[Opening INPUT MATERIAL section]

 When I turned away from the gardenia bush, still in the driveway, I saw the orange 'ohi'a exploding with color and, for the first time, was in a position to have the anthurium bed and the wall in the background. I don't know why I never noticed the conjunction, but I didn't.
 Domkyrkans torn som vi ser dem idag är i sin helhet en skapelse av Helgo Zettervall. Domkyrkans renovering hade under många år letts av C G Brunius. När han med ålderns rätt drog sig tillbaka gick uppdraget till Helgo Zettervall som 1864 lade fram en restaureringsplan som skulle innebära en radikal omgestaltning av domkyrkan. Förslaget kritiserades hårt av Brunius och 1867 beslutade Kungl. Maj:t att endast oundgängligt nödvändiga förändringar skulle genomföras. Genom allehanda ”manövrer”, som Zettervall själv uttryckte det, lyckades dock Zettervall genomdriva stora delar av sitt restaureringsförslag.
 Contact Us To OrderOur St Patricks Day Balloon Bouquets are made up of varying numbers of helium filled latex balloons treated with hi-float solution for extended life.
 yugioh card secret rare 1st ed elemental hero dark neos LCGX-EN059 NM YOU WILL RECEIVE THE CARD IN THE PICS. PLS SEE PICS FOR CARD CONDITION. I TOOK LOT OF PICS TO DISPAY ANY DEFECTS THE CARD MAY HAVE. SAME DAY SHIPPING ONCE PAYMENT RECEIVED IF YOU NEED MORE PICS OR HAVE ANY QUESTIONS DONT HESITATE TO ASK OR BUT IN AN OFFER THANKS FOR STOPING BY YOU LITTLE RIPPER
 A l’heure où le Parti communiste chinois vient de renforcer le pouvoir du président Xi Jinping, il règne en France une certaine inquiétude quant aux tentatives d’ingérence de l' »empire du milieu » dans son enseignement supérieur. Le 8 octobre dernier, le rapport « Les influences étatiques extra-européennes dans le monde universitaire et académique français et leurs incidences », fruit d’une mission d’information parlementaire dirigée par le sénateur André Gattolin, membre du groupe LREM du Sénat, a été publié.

[Closing INPUT MATERIAL section]
[Opening INPUT MATERIAL section]

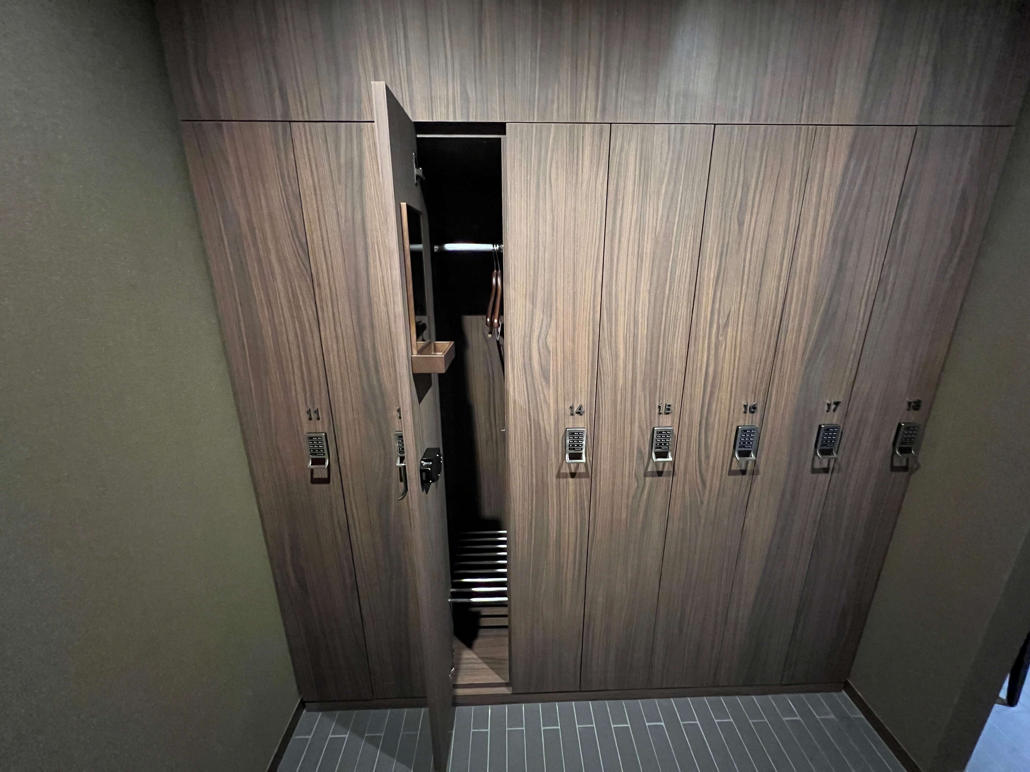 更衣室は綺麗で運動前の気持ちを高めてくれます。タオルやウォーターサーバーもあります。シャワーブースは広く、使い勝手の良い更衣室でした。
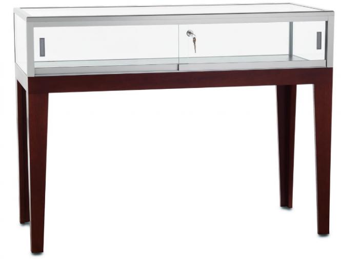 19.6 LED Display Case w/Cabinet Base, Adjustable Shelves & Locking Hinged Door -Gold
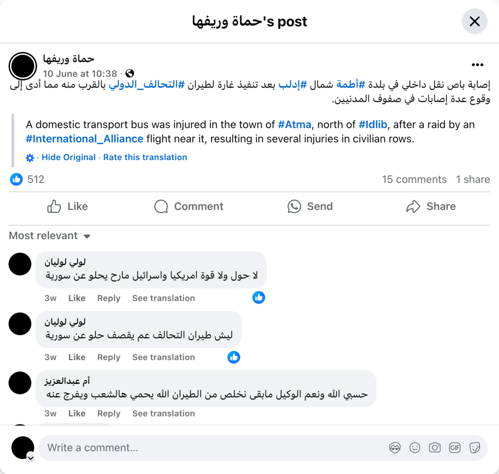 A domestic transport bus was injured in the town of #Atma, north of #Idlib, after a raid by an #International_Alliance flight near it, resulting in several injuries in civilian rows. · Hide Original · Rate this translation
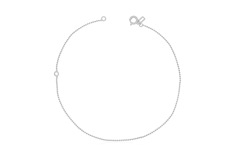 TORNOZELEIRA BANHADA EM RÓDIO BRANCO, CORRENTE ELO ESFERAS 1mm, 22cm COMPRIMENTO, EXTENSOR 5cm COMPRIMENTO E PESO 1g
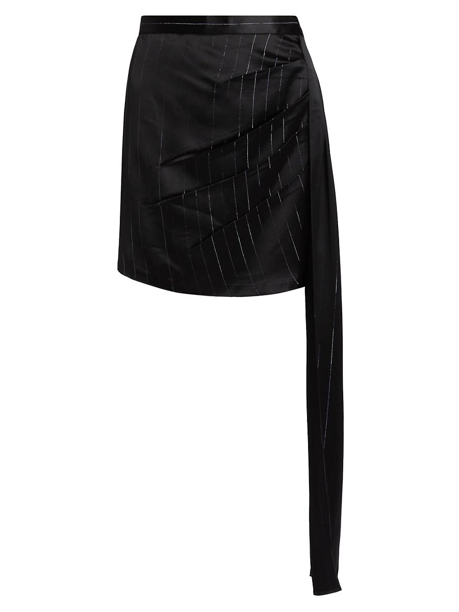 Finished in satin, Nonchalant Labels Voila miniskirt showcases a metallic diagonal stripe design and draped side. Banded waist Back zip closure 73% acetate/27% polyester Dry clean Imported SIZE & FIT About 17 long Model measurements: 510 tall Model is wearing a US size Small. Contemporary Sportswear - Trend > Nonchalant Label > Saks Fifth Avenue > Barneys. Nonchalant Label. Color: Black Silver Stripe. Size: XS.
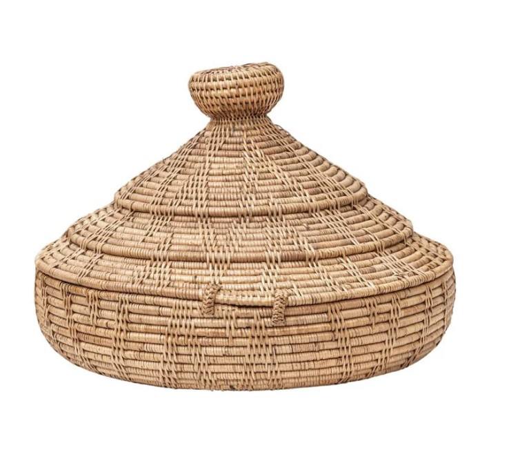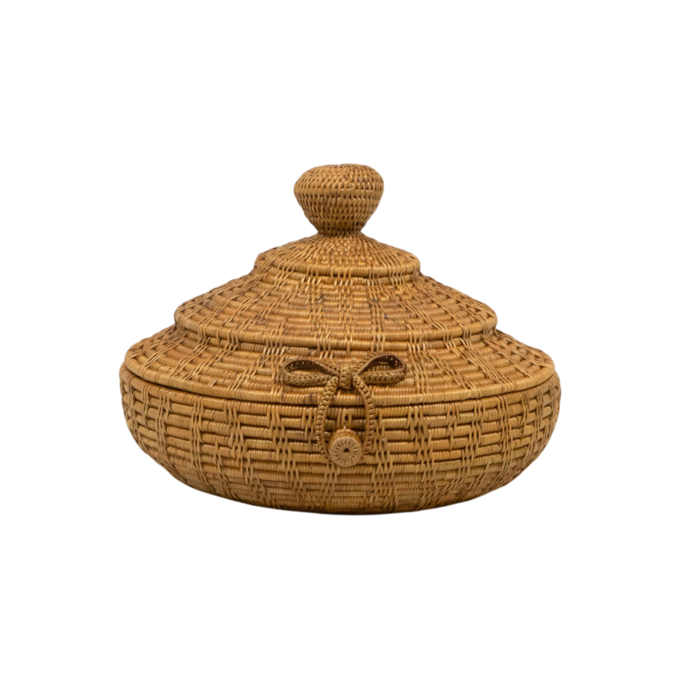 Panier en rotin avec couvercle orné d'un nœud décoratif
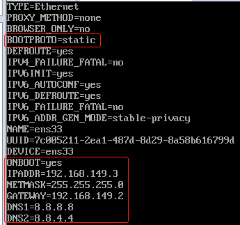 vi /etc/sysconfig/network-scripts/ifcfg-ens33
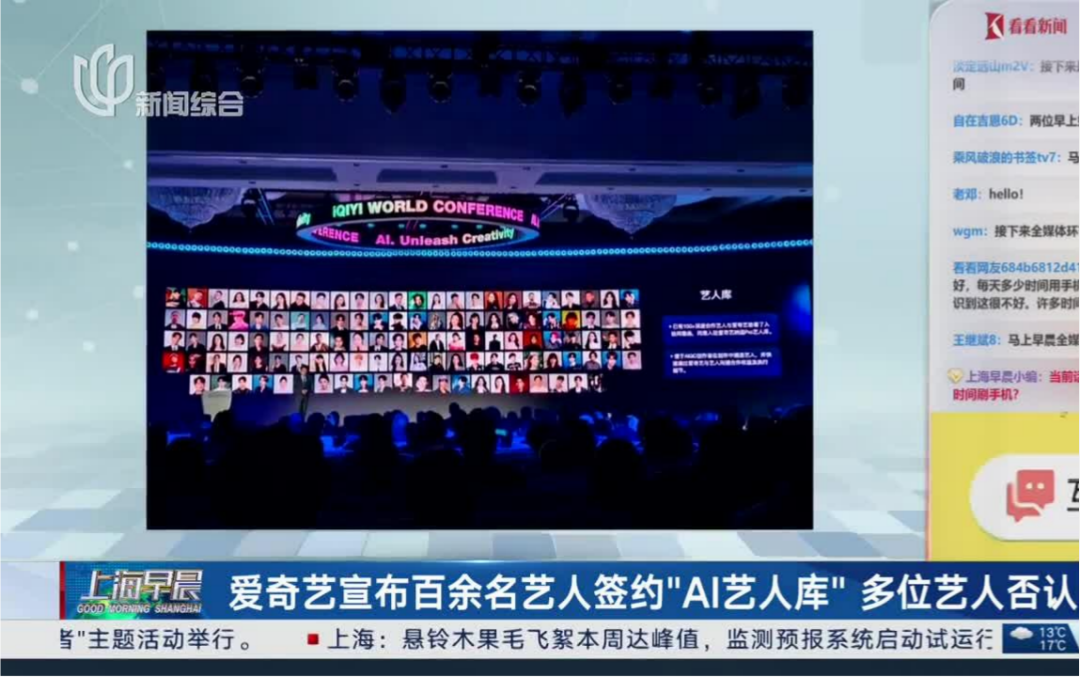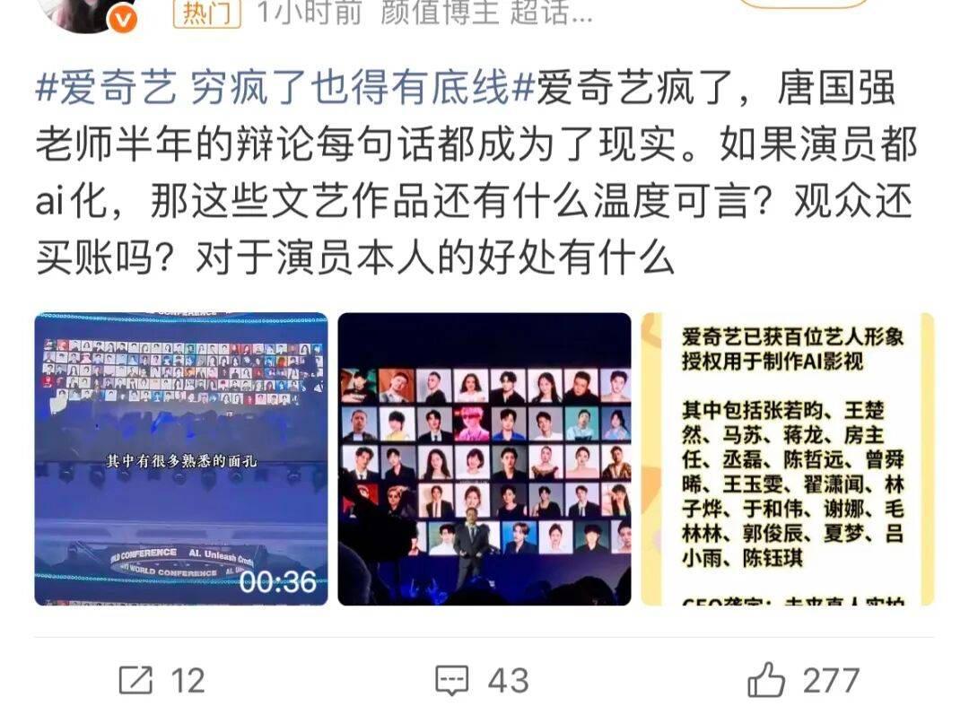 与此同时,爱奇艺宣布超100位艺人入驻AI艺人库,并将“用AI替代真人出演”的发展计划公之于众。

[Closing INPUT MATERIAL section]
[Opening INPUT MATERIAL section]

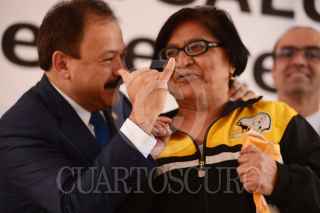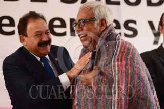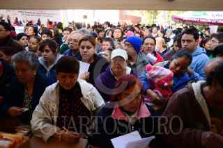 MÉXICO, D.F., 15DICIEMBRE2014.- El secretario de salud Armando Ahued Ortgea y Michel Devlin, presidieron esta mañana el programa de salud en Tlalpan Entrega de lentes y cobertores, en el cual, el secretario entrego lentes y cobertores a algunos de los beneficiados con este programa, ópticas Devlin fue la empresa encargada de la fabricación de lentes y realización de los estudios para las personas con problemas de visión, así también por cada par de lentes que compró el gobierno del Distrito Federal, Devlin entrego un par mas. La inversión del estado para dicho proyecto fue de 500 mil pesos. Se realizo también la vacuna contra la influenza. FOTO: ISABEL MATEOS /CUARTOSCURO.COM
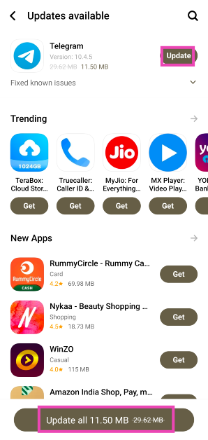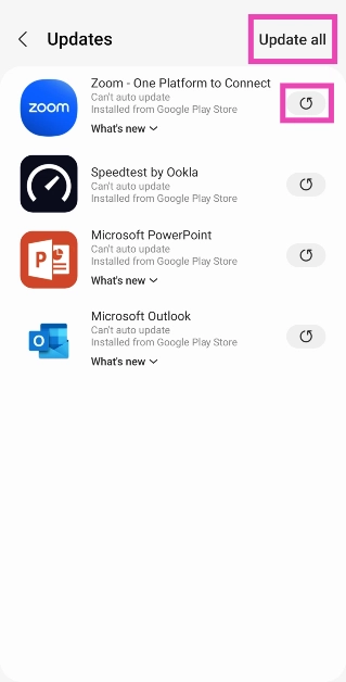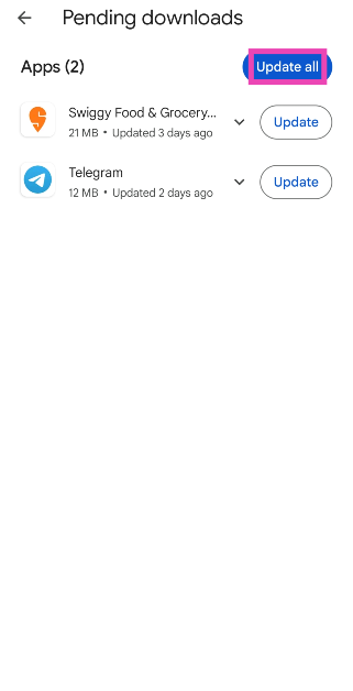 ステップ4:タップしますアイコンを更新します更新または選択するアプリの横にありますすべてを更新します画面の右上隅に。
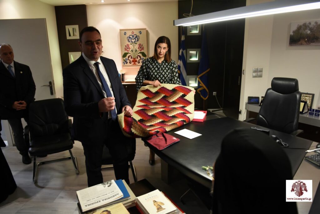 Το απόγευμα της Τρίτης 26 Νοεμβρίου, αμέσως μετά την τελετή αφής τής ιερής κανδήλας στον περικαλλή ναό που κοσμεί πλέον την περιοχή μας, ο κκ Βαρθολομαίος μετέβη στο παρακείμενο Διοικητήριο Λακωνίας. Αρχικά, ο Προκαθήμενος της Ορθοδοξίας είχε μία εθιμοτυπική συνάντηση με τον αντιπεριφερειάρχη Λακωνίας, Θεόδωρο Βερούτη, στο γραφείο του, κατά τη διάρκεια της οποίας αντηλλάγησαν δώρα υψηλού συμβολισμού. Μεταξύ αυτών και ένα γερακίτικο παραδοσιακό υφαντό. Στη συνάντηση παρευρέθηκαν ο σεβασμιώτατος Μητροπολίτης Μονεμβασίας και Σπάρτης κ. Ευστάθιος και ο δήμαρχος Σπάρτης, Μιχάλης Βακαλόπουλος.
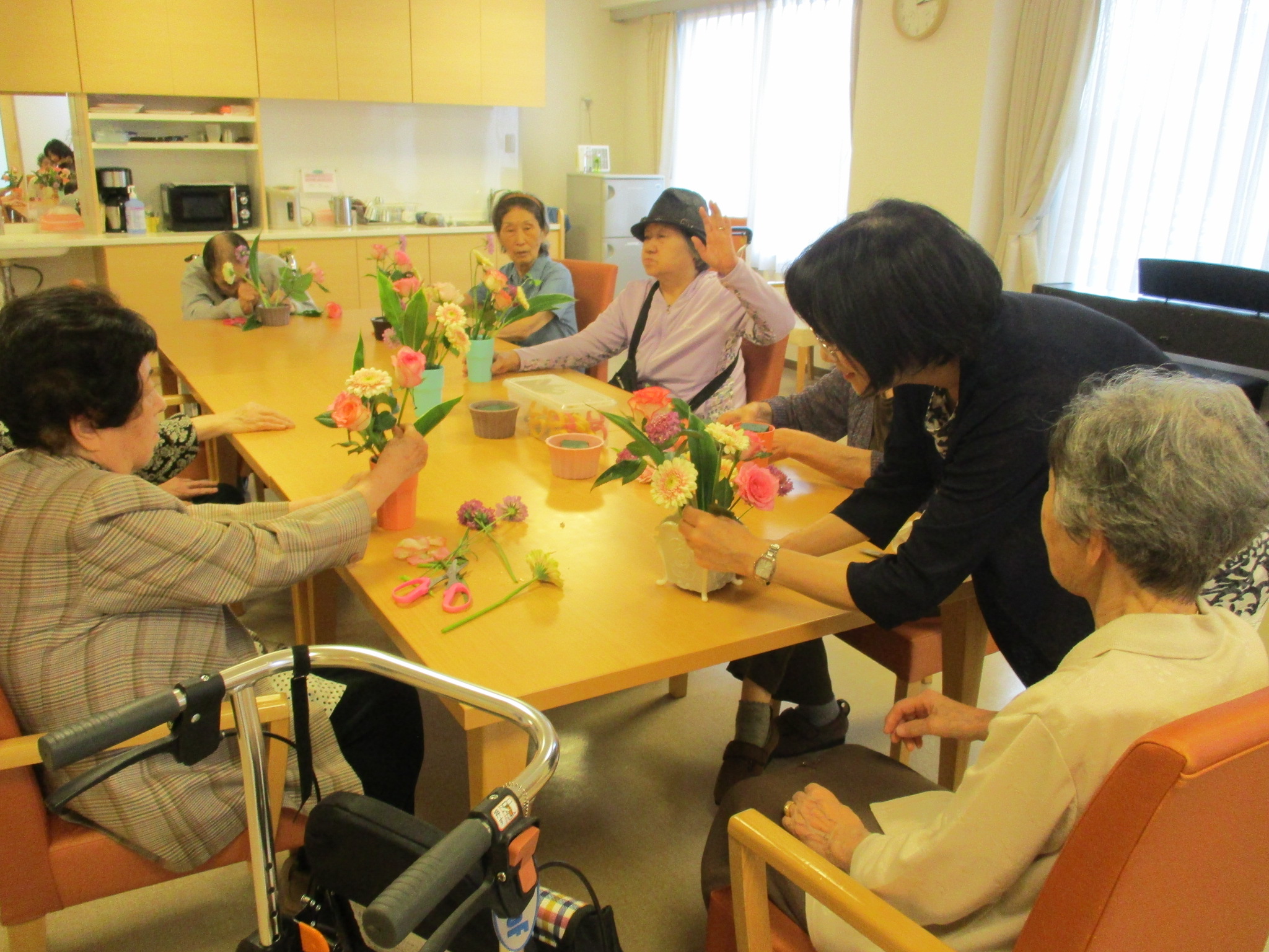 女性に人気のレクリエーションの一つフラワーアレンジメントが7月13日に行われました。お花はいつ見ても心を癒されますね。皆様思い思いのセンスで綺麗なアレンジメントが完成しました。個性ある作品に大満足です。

[Closing INPUT MATERIAL section]

- **WHAT TO WORK ON**
What is needed is an exact copy of the lines above, from the one holding "Finished in satin, Nonchalant" down to the one holding "与此同时,爱奇艺宣布超100", with those two included and the pictures left out.

- **RESPONSE**
 Finished in satin, Nonchalant Labels Voila miniskirt showcases a metallic diagonal stripe design and draped side. Banded waist Back zip closure 73% acetate/27% polyester Dry clean Imported SIZE & FIT About 17 long Model measurements: 510 tall Model is wearing a US size Small. Contemporary Sportswear - Trend > Nonchalant Label > Saks Fifth Avenue > Barneys. Nonchalant Label. Color: Black Silver Stripe. Size: XS.
 Panier en rotin avec couvercle orné d'un nœud décoratif
 vi /etc/sysconfig/network-scripts/ifcfg-ens33
 与此同时,爱奇艺宣布超100位艺人入驻AI艺人库,并将“用AI替代真人出演”的发展计划公之于众。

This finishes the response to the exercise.